I will also grant Baymont's request for liquidated damages. Baymont's request for $70, 000 is based on Sections 12.1 and 18.5 of the Franchise Agreement (setting liquidated damages at $1, 000 multiplied by the number of guest rooms), and Section 7.3 establishing a 1.5% interest rate on all unpaid sums). (Compl. Ex. A). The liquidated damages rate of $1, 000 multiplied by 70 guest rooms yields a figure of $70, 000 under the Agreement. (Fenimore Aff. ¶[25-26). I agree with Baymont that the contractual interest rate of 1.5% monthly applies to this liquidated damages sum. (Compl. Ex. A, Section 7.3). I also agree as to the date liquidated damages began to accrue: May 30, 2012, or 30 days after Baymont sent a letter of termination. (Fenimore Aff. ¶ 27, Ex. E (Termination Letter)). Interest thus equals $26, 545.88.

The interest is calculated from May 30, 2012 through March 31, 2015, the date of this decision. The $26, 545.88 figure is calculated by multiplying $70, 000 by 18% per year, which equals $12, 600 in interest per year. That amount is then divided by 365 days to equal $34.52 in interest per day. When the per diem interest of $34.52 is multiplied by 769 days, the interest owed is $26, 545.88. (See Fenimore Aff. ¶27).

Finally, as to attorneys' fees and costs, I adopt Baymont's analysis. Baymont has adequately documented its attorneys' fees, which do not seem unreasonable or disproportionate. (See Compl. Ex. A, Franchise Agreement, Section 17.4 (giving prevailing party the right to recover reasonable attorneys' fees); Fenimore Aff. ¶28; Couch Cert.[4] ¶¶ 13-14, Ex. F).
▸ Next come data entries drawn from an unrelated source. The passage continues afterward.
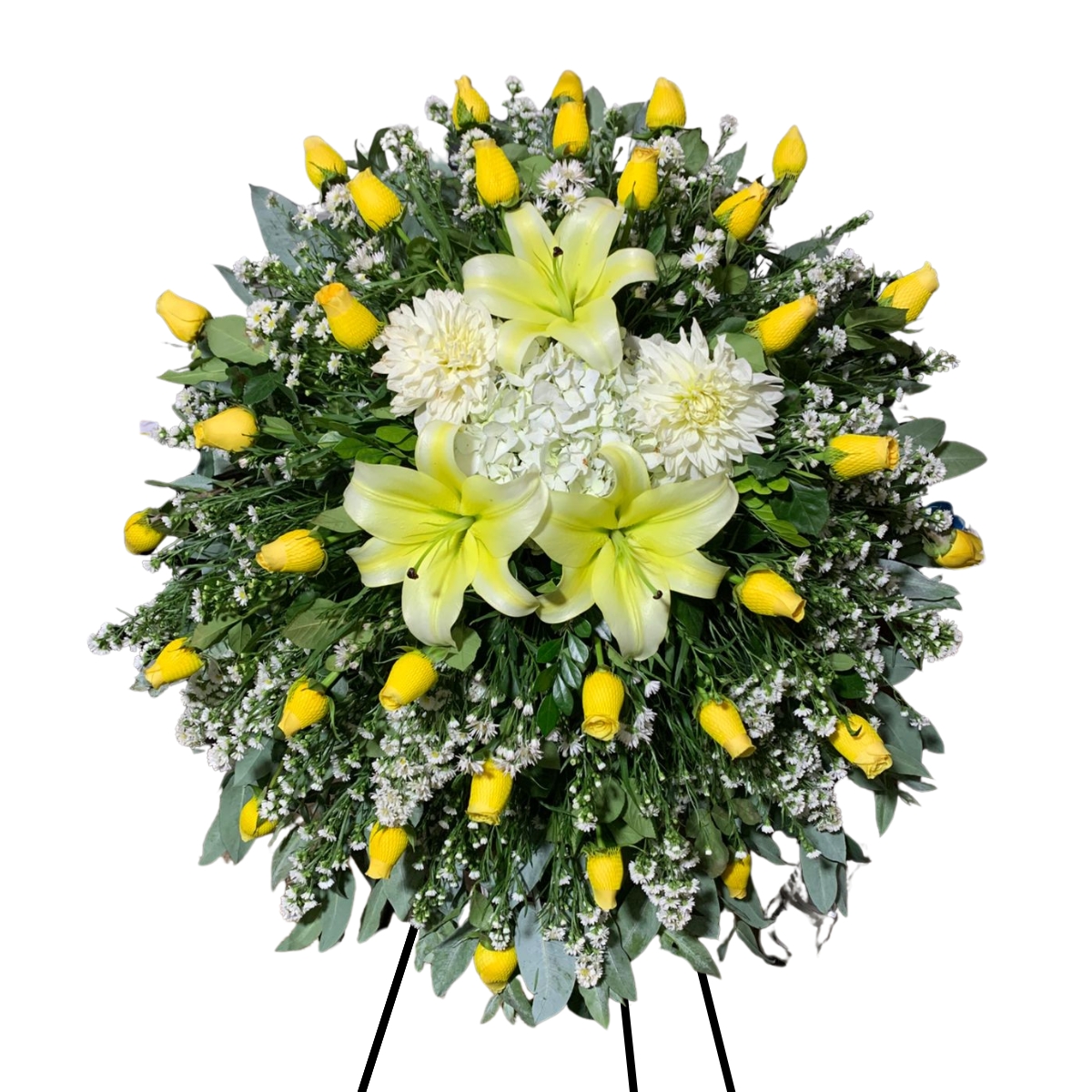 Elegante lágrima en pedestal con rosas amarillas, hortensia, lilium blanco o crema, hojas de eucalipto, montecasino blanco, dalias y mirtos.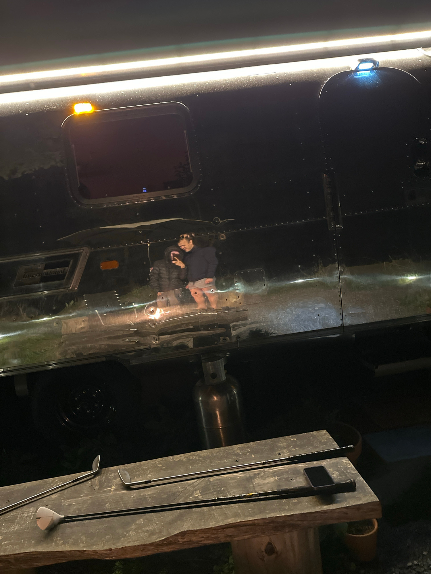 The image shows the side of a shiny, dark semi-trailer, likely an International model based on a badge visible on its side. The trailer reflects a couple, possibly embracing or posing for a photo. The…read more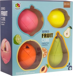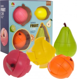 Deze kleurrijke set bevat vier 3D-puzzels in de vorm van populaire fruitsoorten: appel, citroen, sinaasappel en peer. Elk model bestaat uit onderling verbonden delen die je kunt draaien en herpositioneren. Het doel is om na het mixen de stukjes terug te brengen naar de oorspronkelijke vorm van de vrucht – een leuke uitdaging voor kinderen en volwassenen.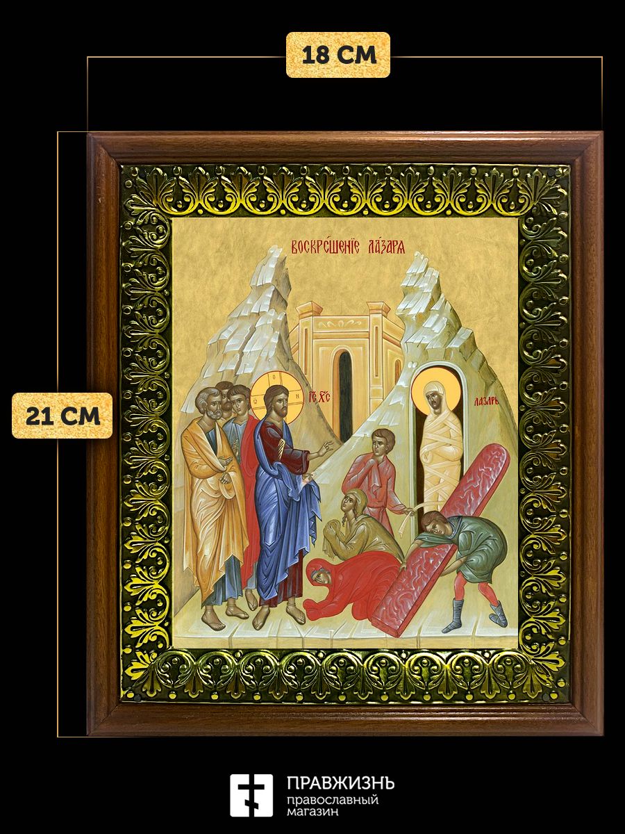 Икона Воскрешение святого Лазаря Четверодневного, деревянная рамка с басмой и стеклом 18х21х2,5 см 1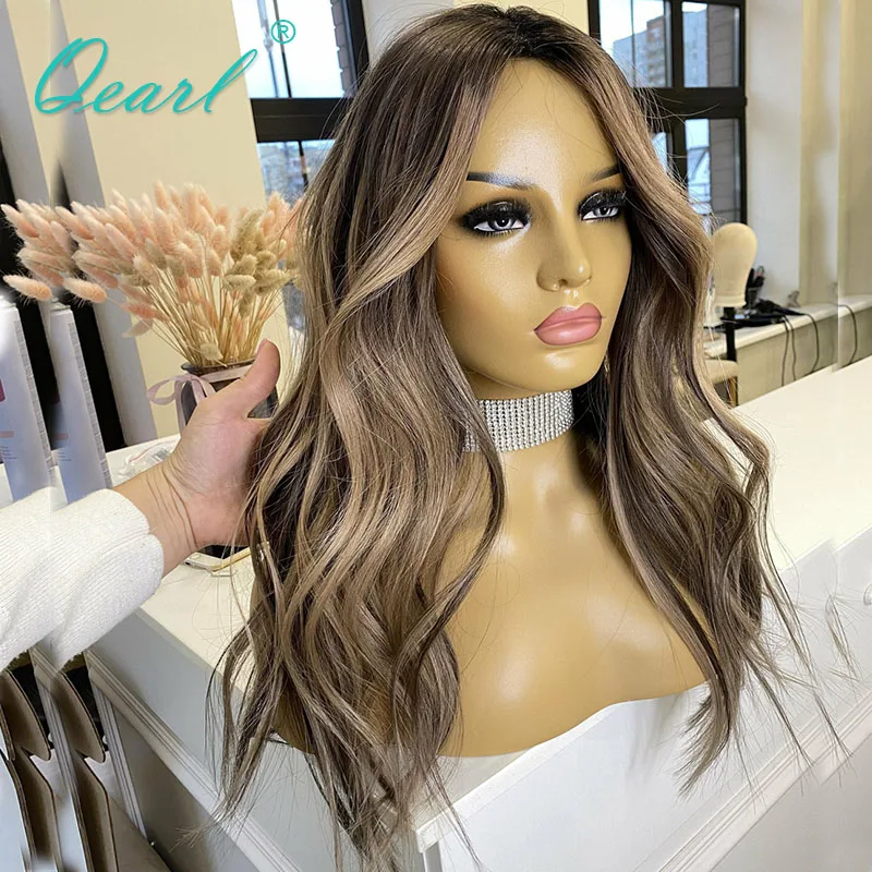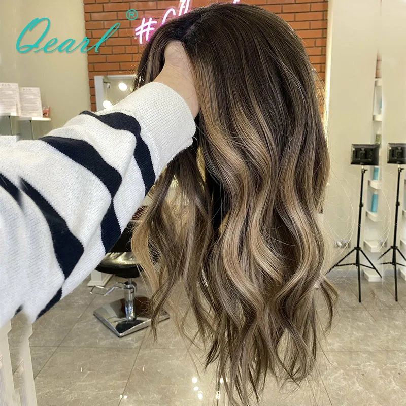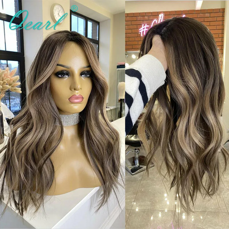 Women Real Human Hair Wig HD 360 Lace Frontal Wigs Dark Honey Blonde Highlights Colored Loose Wave Full Lace Wig Top Sale Qearl
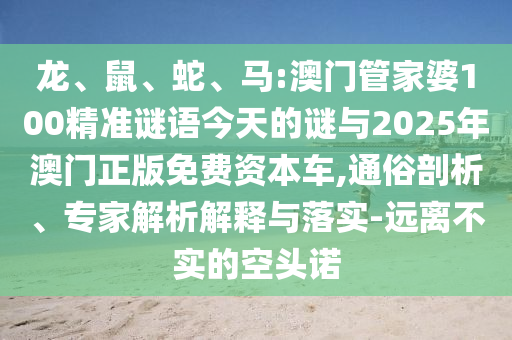 龙、鼠、蛇、马:澳门管家婆100精准谜语今天的谜与2025年澳门正版免费资源车,通俗剖析、专家剖析诠释与落实-远离不实的空头诺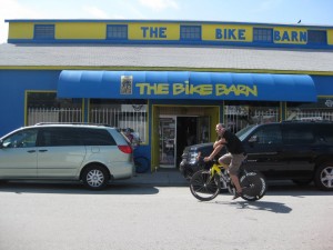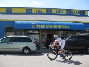 A nice, relaxed swim in the lake and the next stop was Bike Barn, where the mechanic from yesterday, Ian (that’s him riding by the front of the shop above), seemed just as happy to see the welded hanger as I was. The staff at Bike Barn, all of whom heard the story yesterday, crowded around to look and praise the weld. Ian is such a nice guy and has an incredible positive, encouraging attitude. I’m sure the other wrenches there are great, but if you’re in Penticton and need bike work, definitely hit Bike Barn and ask for Ian! He took the bike he had been working on off the stand, put mine up there and went to work. He recommended a new derailleur, and at that point, I would have followed just about any bike-related recommendation he made! He fixed it all up quickly, took it on a little test spin and presented me my all fixed up bike.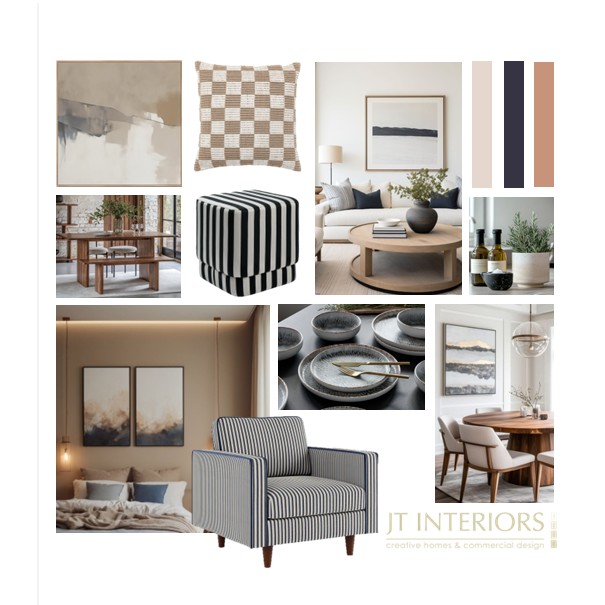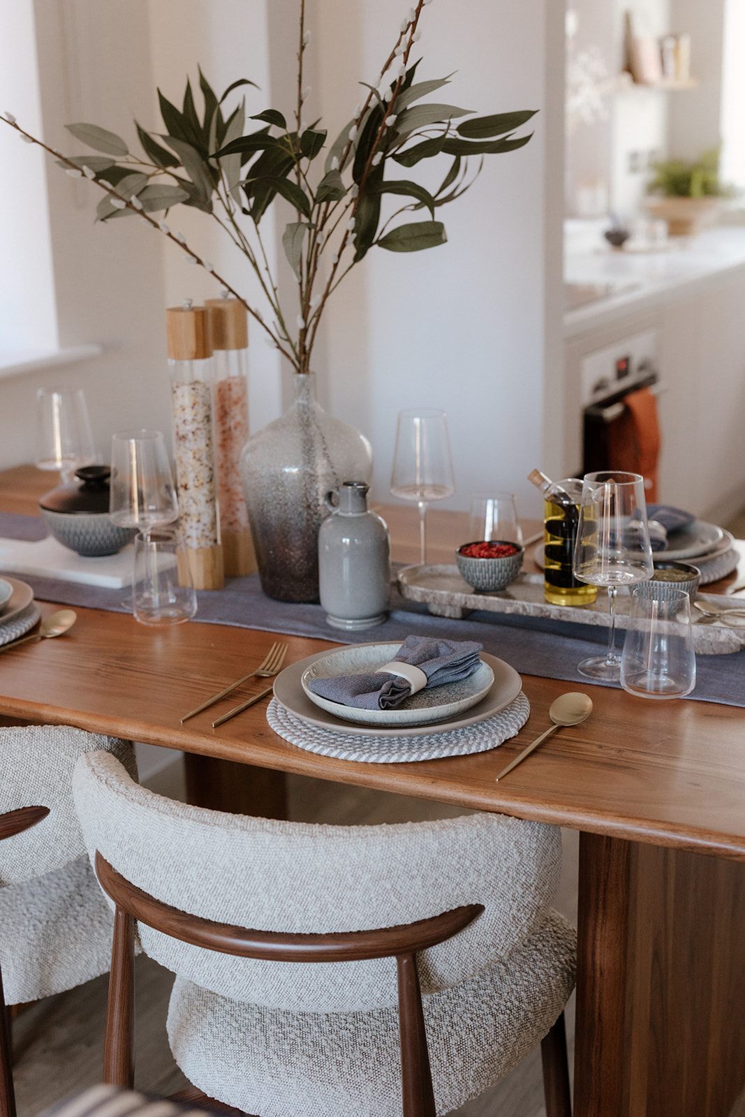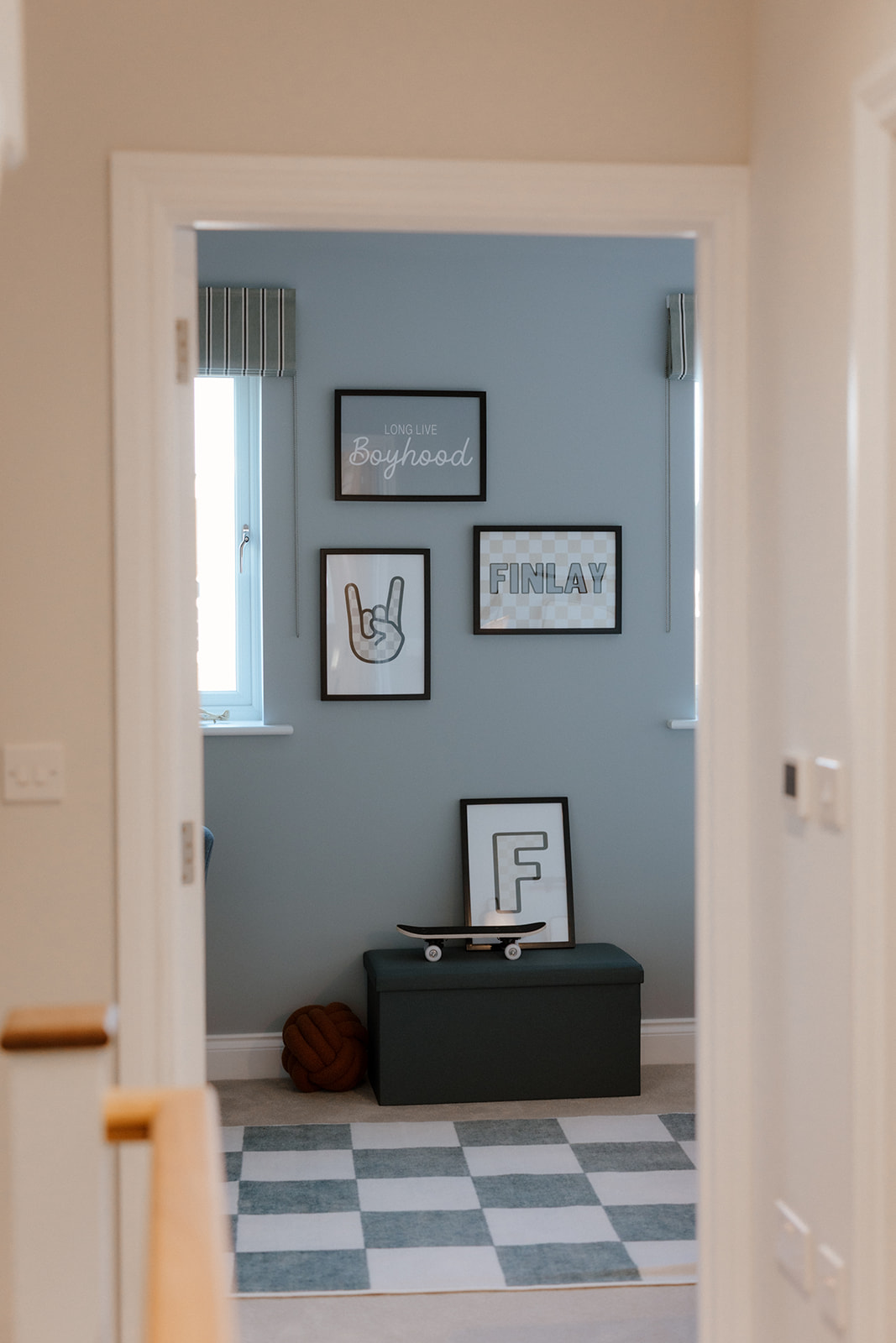 Firstly I created one of the bedrooms to be for a teenage boy – that allowed me to get creative with the furnishings and accessories and really inject some personality for the ‘imaginary’ teenage son of the family.  In the living room, I added touches like occasional chairs in a striped fabric, rather than just having neutral chairs.  The palette for the house combined different shades of blue which complimented the kitchen and created a cool neutral as a backdrop throughout the house.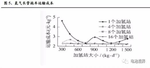 按照同样的成本分析方法,经过分析,当加氢站数量少时,运输成本可高达4.7元/Kg。随着加氢站数量的增加和加氢站规模的增大,成本逐渐降低,但是在加氢站数量较少时,成本在下降过程中出现波动。这与长管拖车利用效率有关。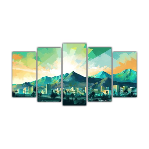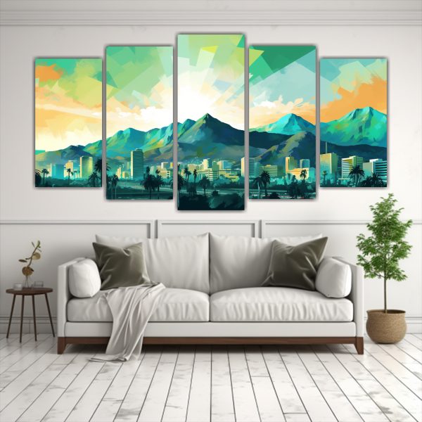 Cuadros Simetría Intensa Ciudad Santiago En Verde Y Turquesa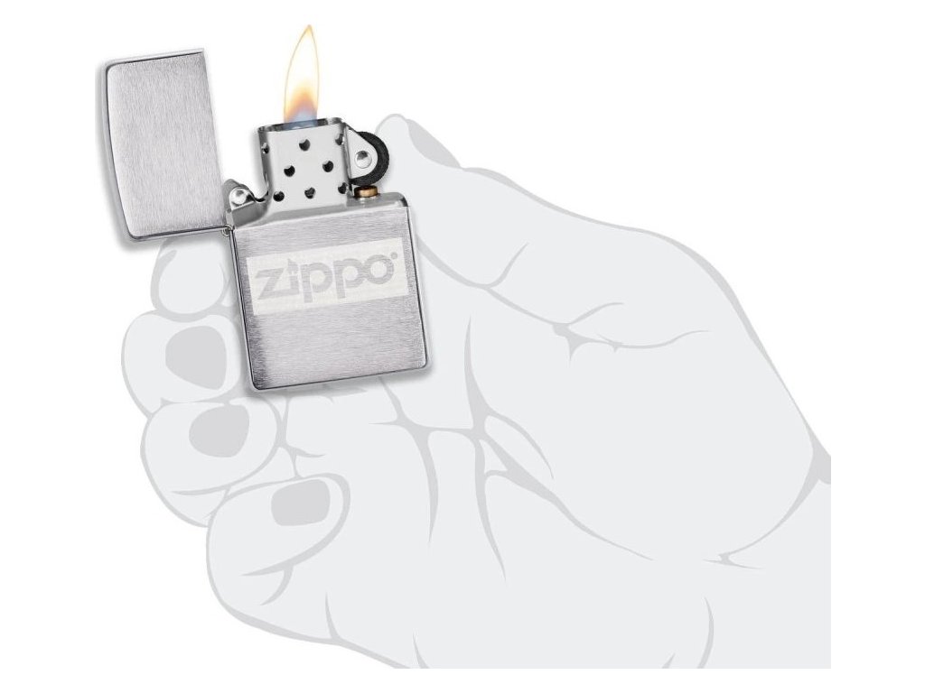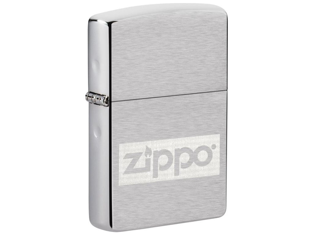 - Benzínový zapaľovač Zippo s povrchom z brúseného chrómu s leptaným logom.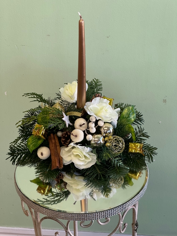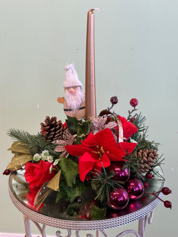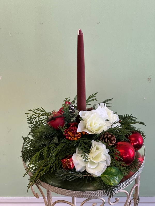 The perfect way to reflect on the past year with this enchanting, table arrangement on a mirror base made of fresh longer lasting greenery and silk flowers with a candle for that festive  glow.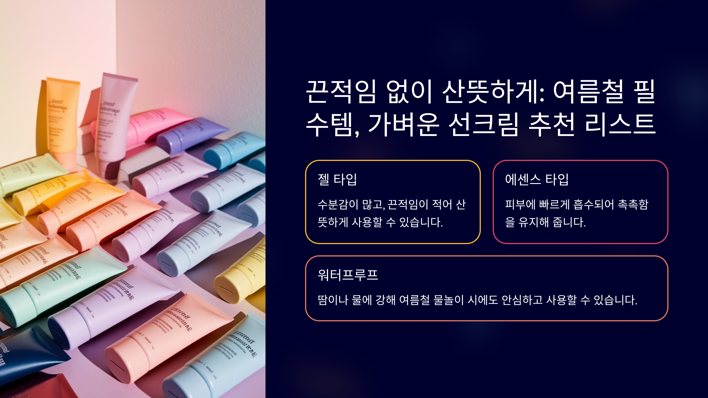선크림을 바를 때 가장 큰 고민 중 하나가 바로 "끈적임"이에요. 특히 여름철에는 무거운 제형이 불편하게 느껴질 수 있죠. 그렇다면 가볍고 산뜻한 선크림은 어떤 제품일까요? ☀️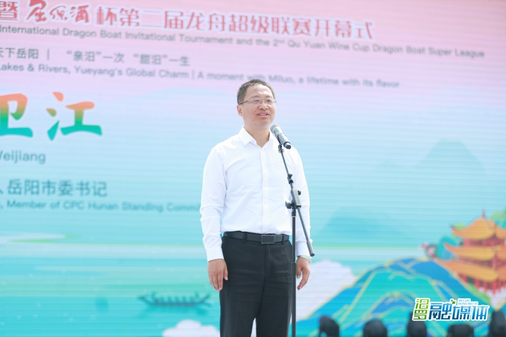 蒋涤非说,湖南山水如画、风物如诗、人文荟萃,自古便是“挥毫当得江山助”的锦绣之地。岳阳是湖湘文化的重要发源地,汨罗是承载着湘楚文化、端午文化、龙舟文化的热土,龙舟赛已成为弘扬中华优秀传统文化、促进文体旅融合发展、推动国际人文交流合作的闪亮名片。欢迎大家共同感受龙舟文化的浪漫和激情,领略“三湘四水” 的独特魅力,共同谱写文明交流互鉴的时代华章。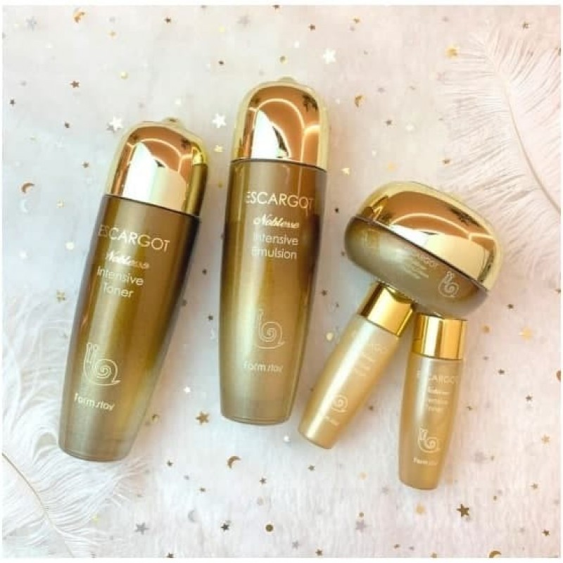 Le coffret cadeau rajeunissant pour la peau du visage avec extrait purifié, obtenu à partir de la slime d'escargot royal - c'est immédiatement 3 produits de soin efficaces pour une nutrition, une hydratation et une restauration quotidiennes de la peau. Le set Farmstay Escargot Noblesse Intensive Skin Care 3 Set comprend un tonique pour la restauration de la peau (150 ml/30 ml), qui élimine tous les signes de sécheresse de l'épiderme, raffermit et lisse, favorise l'augmentation de l'immunité cutanée. Le tonique pour le visage lisse les irrégularités de la texture, éclaircit la pigmentation et les rougeurs, aide en cas d'inflammations. L'émulsion pour l'hydratation et le renforcement de la peau (150 ml/30 ml) avec **extrait d'escargot royal** complète l'effet positif du tonique, normalise l'équilibre hydrolipidique, donne de l'élasticité et de la fraîcheur, égalise la microtexture de l'épiderme. Crème pour le visage nourrissante, hydrate, éclaircit la peau (50 g), avec **extrait d'escargot** ralentit les processus de vieillissement, stimule la production de **collagène**, améliore la circulation sanguine, rend la peau lisse et douce.

I will enter a judgment that includes $3, 900.00 in attorneys' fees and $582.30 in costs, for a total of $4, 482.30.

III. CONCLUSION

For the foregoing reasons, a default judgment will be entered in favor of Plaintiff Baymont Franchise Systems, Inc., in a total amount of $175, 201.81, to be paid to Baymont, along with post-judgment interest from this date at the appropriate rate pursuant to 28 U.S.C. § 1961.

An appropriate order will be entered in accordance with this Opinion.